Thio menyerahkan handuk tersebut tanpa menatap wanitanya.

“Langsung mandi, nanti kamu flu, selesai kamu mandi nanti kita makan malam,” pinta Thio masih dengan wajah datarnya.

Sebenarnya Aliesha sudah kenyang karena baru saja pesta makan-makan di kantor, namun karena melihat reaksi Thio seperti itu, Aliesha menyetujui permintaannya.

Aliesha melangkah pelan, ke dalam kamarnya, terus membuka blazer-nya. Diam sejenak, kini Aliesha menghampiri Thio kembali. Ada perasaan yang tidak enak, dan rasanya Aliesha ingin menyelesaikannya sekarang.

Thio hanya menatap hujan, dengan tatapan melamun entah berpikir, dia berniat ingin memasukkan mobil yang tadi dikeluarkan Thio untuk menjemput Aliesha, tapi hujan masih deras.

“Pak ...” Tanya Aliesha pelan, sambil menenteng handuknya.

Thio menengok ke arah Aliesha namun langsung memalingkan wajahnya sambil mengambil handuk dari tangan Aliesha untuk menutupi bagian dada yang menjiplak jelas pakaian dalamnya akibat kaos putih yang sudah basah karena air hujan.

“Pak ...” Ungkap Aliesha sambil terus menatap Thio.

“Kenapa belum mandi, Yaya?”

“Tadi handphone aku mati, terus Kak Adrian ajak aku pulang, kebetulan satu arah juga,” ungkap Aliesha berusaha menjelaskan.

“Nanti saja ngobrolnya, kamu mandi dulu, ya?”

“Kenapa? Marah? Gara-gara aku pulang sama Kak Adrian?”

“Sayang, mandi dulu.”

“Tadinya aku mau ikut charger di mobilnya Kak Adrian, tapi aku gak bawa, terus mau coba hubungi bapak lewat handphone beliau, tapi sama handphone-nya juga abis baterai.”

“Yaya?”

“Iya, ini aku, kenapa?”

“Karena kita belum dalam ikatan serius, kamu boleh kok memutuskan untuk pulang dengan siapa, bahkan kalau kamu harus memilih dia, saya maklum, toh saya juga tidak bisa berbuat apa-apa kalau ini keputusan kamu,” “Kamu berhak untuk memilih dia sebagai calon sua—”

Ucapan Thio terpotong karena tiba-tiba saja Aliesha mengecup bibir Thio.

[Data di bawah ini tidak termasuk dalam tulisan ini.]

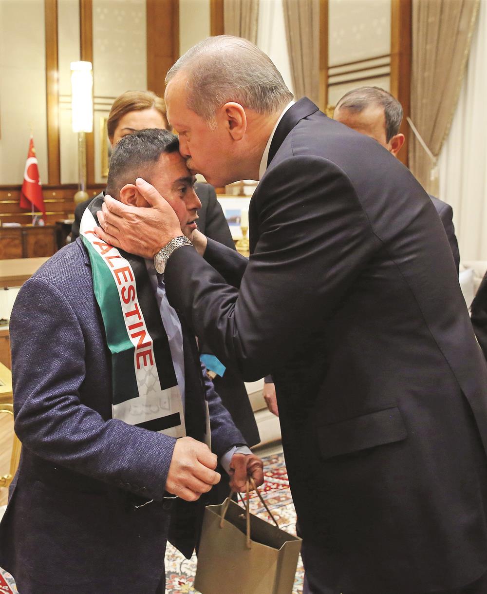 Daha sonra, kabul sırasında Muhammed et-Tavil ile Rabia işareti yaparken çekilen fotoğrafı Twitter’dan paylaşan Erdoğan, paylaşımında, “Kudüslü Muhammed kardeşim ile dünyaya mesajımız şudur, Kudüs kırmızı çizgimizdir.” ifadesine yer verdi.
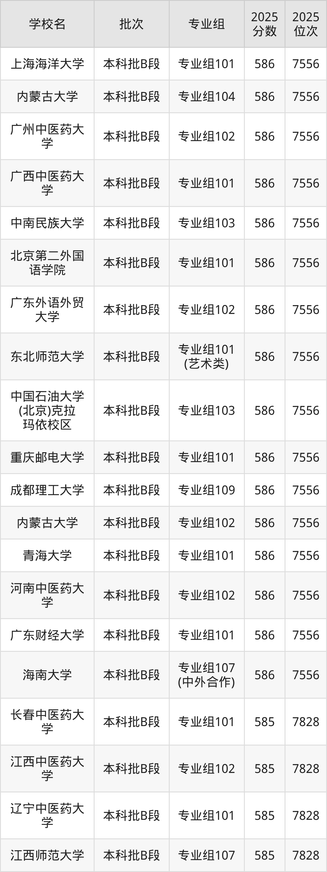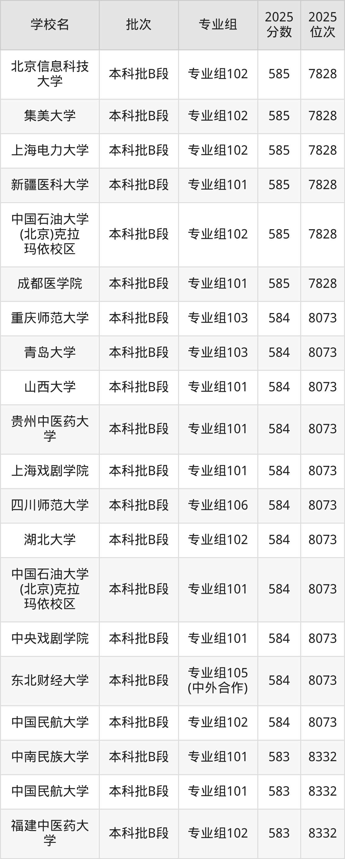 另外录取位次低于该区间(较稳妥)的有福建中医药大学专业组102(8332名)、中国民航大学专业组101(8332名)等;录取位次高于该区间(可冲)的有中国石油大学(北京)克拉玛依校区专业组102(7828名)、长春中医药大学专业组101(7828名)等。
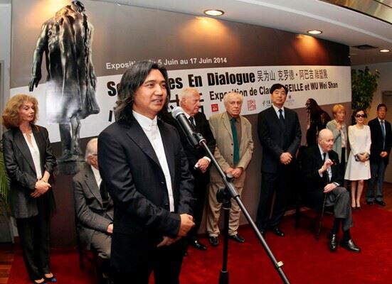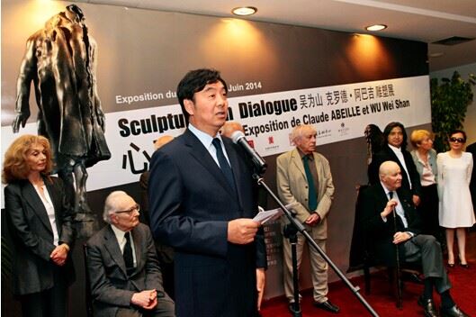 6月5日,作为纪念中法建交50周年的一项重要活动,由中华人民共和国文化部主办,中国艺术研究院和法兰西学院承办,中国美术家协会学术支持,巴黎中国文化中心和美爵基金会协办的“心灵对话——吴为山、克罗德•阿巴吉雕塑展”在法国巴黎中国文化中心隆重举行。中国驻法大使翟隽,中国驻法使馆文化参赞李少平,全国政协委员、中国美术家协会副主席、国家当代艺术研究中心主任,中国艺术研究院美术研究所所长、中国雕塑院院长吴为山,法兰西学院艺术院主席、当代雕塑大师克罗德 •阿巴吉,法国文化和新闻部文化活动总监、原吉美博物馆馆长吉耶斯,法国外交部代表、中法建交50周年总协调人代表布瓦柔、萨尔都,法兰西艺术院终身秘书长、院士多德里夫,法国罗丹博物馆馆长代表埃尔潘,巴黎市立赛努奇亚洲艺术博物馆副馆长、中韩绘画研究员贝莱克,中国古汉语学家汪德迈,法兰西艺术院通讯院士高立昂,法兰西艺术家协会主席德拉乐芙,法国国家美术沙龙主席米歇尔金,法国艺术家之家协会主席阿龙等领导及海外艺术家出席开幕式。
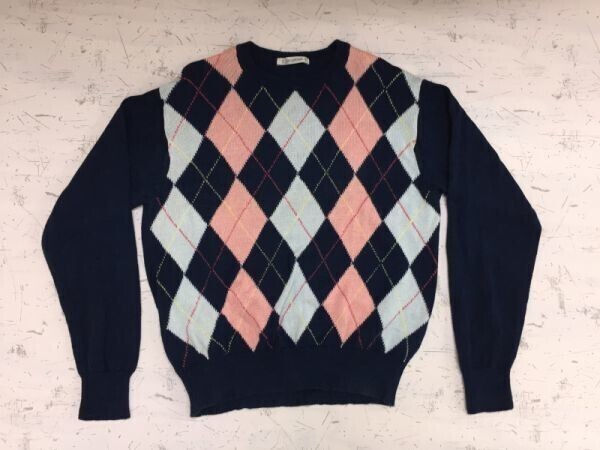 - ハムステッド Hampstead キレカジ トラッド アーガイル クルーネック コットンニット プルオーバー セーター レディス 綿100% 紺
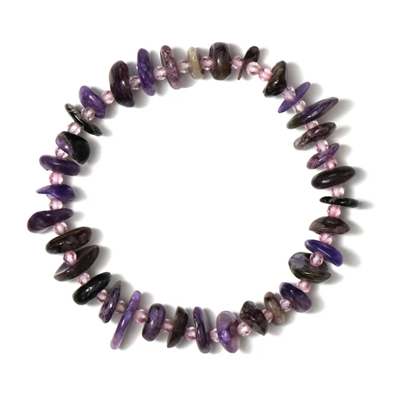 Entdecken Sie die bezaubernden Farben Russlands mit diesem prächtigen Armband, das eine luxuriöse Mischung aus tiefviolettem Charoite und zartrosa Quarzperlen zeigt. Mit einer komfortablen Länge von 18 cm und einem Gesamtgewicht von 69,854 Karat verspricht dieses Armband ein elegantes Statement an Ihrem Handgelenk. Dieses Armband ist ideal, um einen Hauch von Farbe in ein legeres Ensemble zu bringen oder ein Abendoutfit zu ergänzen. Genießen Sie die reiche, edelsteinbesetzte Pracht, die Ihr Handgelenk bei jeder Bewegung anmutig umkreist.
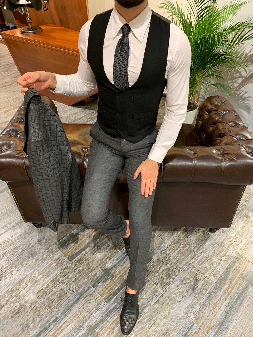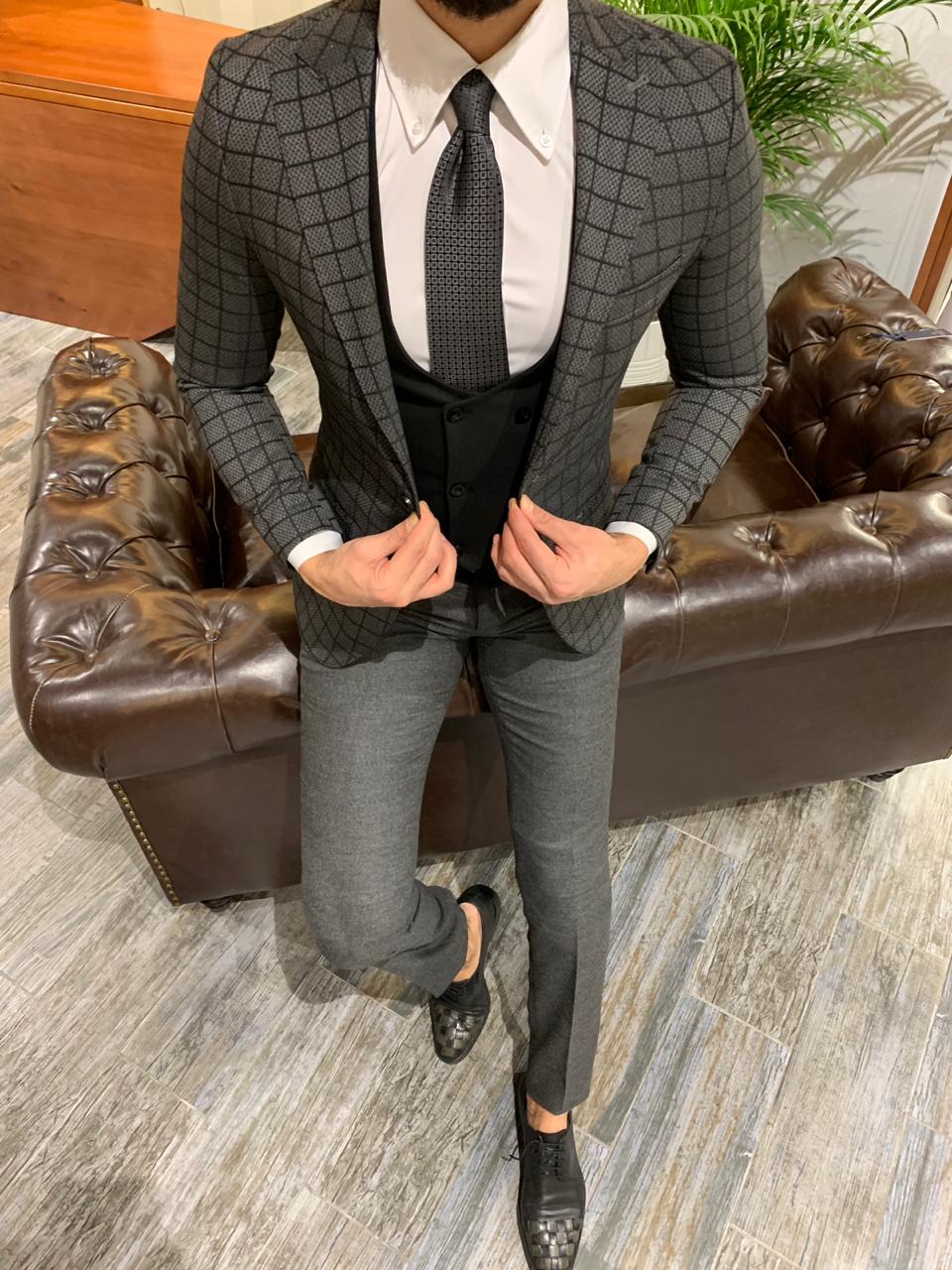 Мужской костюм тройка серый
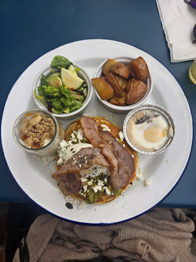 Read moreI wanted to check out this place for a coffee & vegan breakfast, but the waitress was working alone with just a few costumers and didn’t notice me for about 25 min. I also saw that besides a salad bowl there is nothing else that is vegan… I doubt the pancakes or the toast with avocado & feta would have been vegan. I really don’t understand why its is still so difficult for places to make decent vegan food. Especially because any vegan dish can be eaten by vegeterians or flexitarians or else. Nevertheless the place looked cute and the coffee as well....
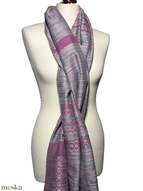 Kézzel Szőtt Rózsaszín - Zöld átmenetes Merinó Gyapjú és Selyem Kendő
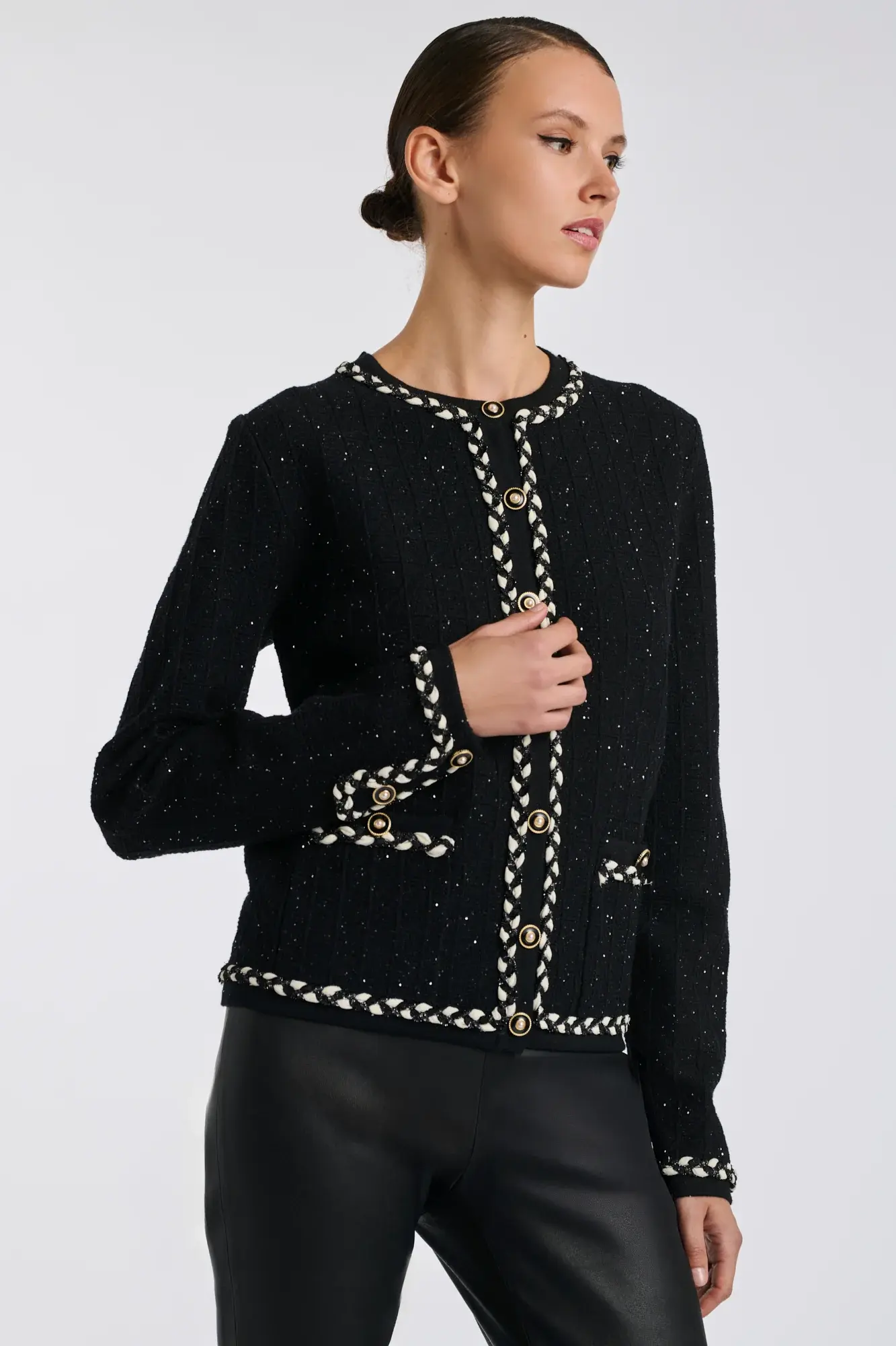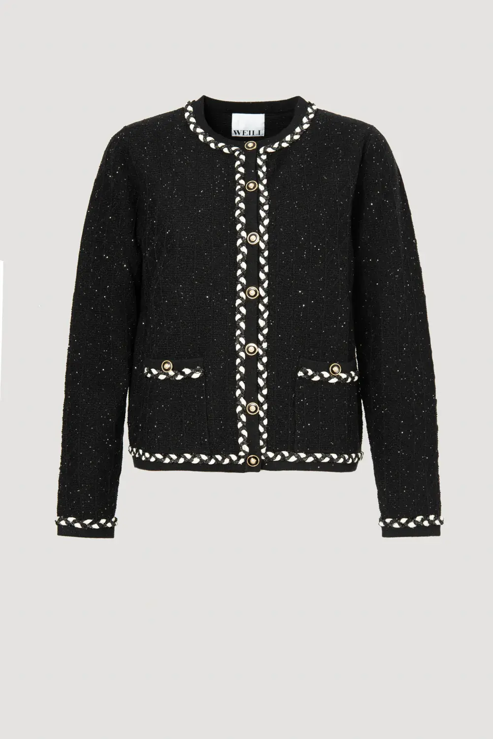 Твидовый жакет с люрексовой нитью, украшенный двухцветной плетеной отделкой, фирменными пуговицами Weill и двумя накладными карманами. Жакет был разработан в Париже, в его исторической мастерской.
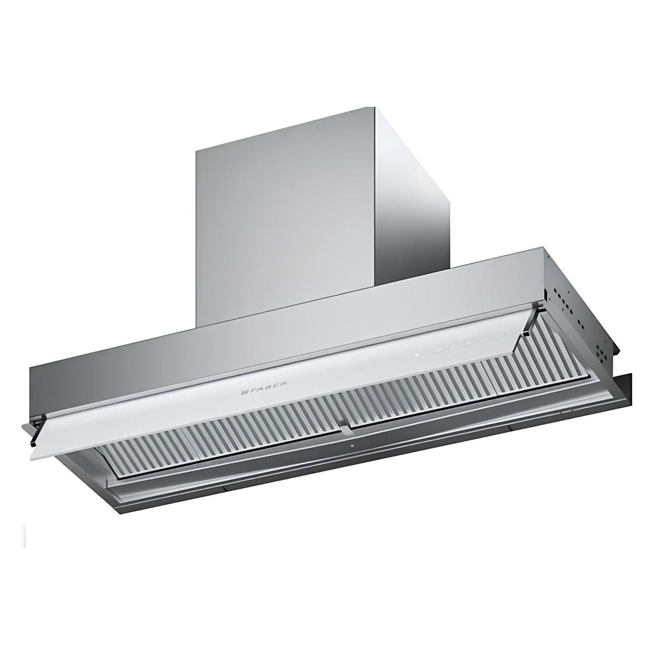 Несмотря на внушительные габариты по ширине, устройство работает с низким уровнем шума, не нарушая атмосферы уюта даже при длительной работе на повышенной мощности. Благодаря своей производительности и продуманной конструкции, вытяжка идеально подходит как для кухонь-гостиных, так и для островных зон готовки, где ценятся эффективность, надёжность и визуальная гармония.

Di sana Thio hanya mematung karena terkejut atas tindakan Aliesha.

“Bisa kan gak berpikir lagi seolah-olah aku ini ragu sama bapak?” “Aku udah berusaha meyakinkan diri aku untuk keputusan ini,” “Kalau aku ragu, pasti aku gak akan mungkin tinggal di sini bareng bapak, bahkan saat diantar laki-laki lain pun, aku masih menuju ke rumah yang ini, bukan apartemen aku,” “Coba bayangkan sakit hatinya aku, ketika bapak menyangka kalau aku mengharapkan Kak Adrian,” “Tolong ...” Ungkap Aliesha sambil menunduk disertai emosi.

Mata Thio memerah, mulai berkaca-kaca atas ungkapan Aliesha yang begitu yakin atas dirinya.

Thio mendekatkan tubuhnya dengan Aliesha, tangan kirinya melingkar di pinggang wanitanya, sedangkan tangan kanannya ia gunakan untuk memegang bagian belakang kepala Aliesha kemudian memejamkan mata dan langsung melumat bibir wanitanya dengan lembut tanpa jeda.

“Jangan di sini ...” ungkap Aliesha melepaskan ciumannya.

“Kenapa?”

“Anak-anak belum pulang ....”

“Rafa sama Caca nginep di rumah mama.”

“Firdhan?”

“Sepertinya dia pulang ke kosan, soalnya sudah lewat jam sepuluh malam.”

Mereka tersenyum, kemudian melanjutkan aktivitas panas tersebut di tengah derasnya hujan di luar sana.

“Gak bang, gue gak pulang ke kosan, gue dari tadi menyaksikan adegan kalian depan pintu. Ngapain harus depan pintu sih anjir, gak ada tempat lagi apa yang lebih privasi. Salah gue juga sih malah pulang ke sini, bukannya ke kosan,” gerutu Firdhan dalam hati, kemudian melajukan motornya di tengah hujan untuk menuju kosannya.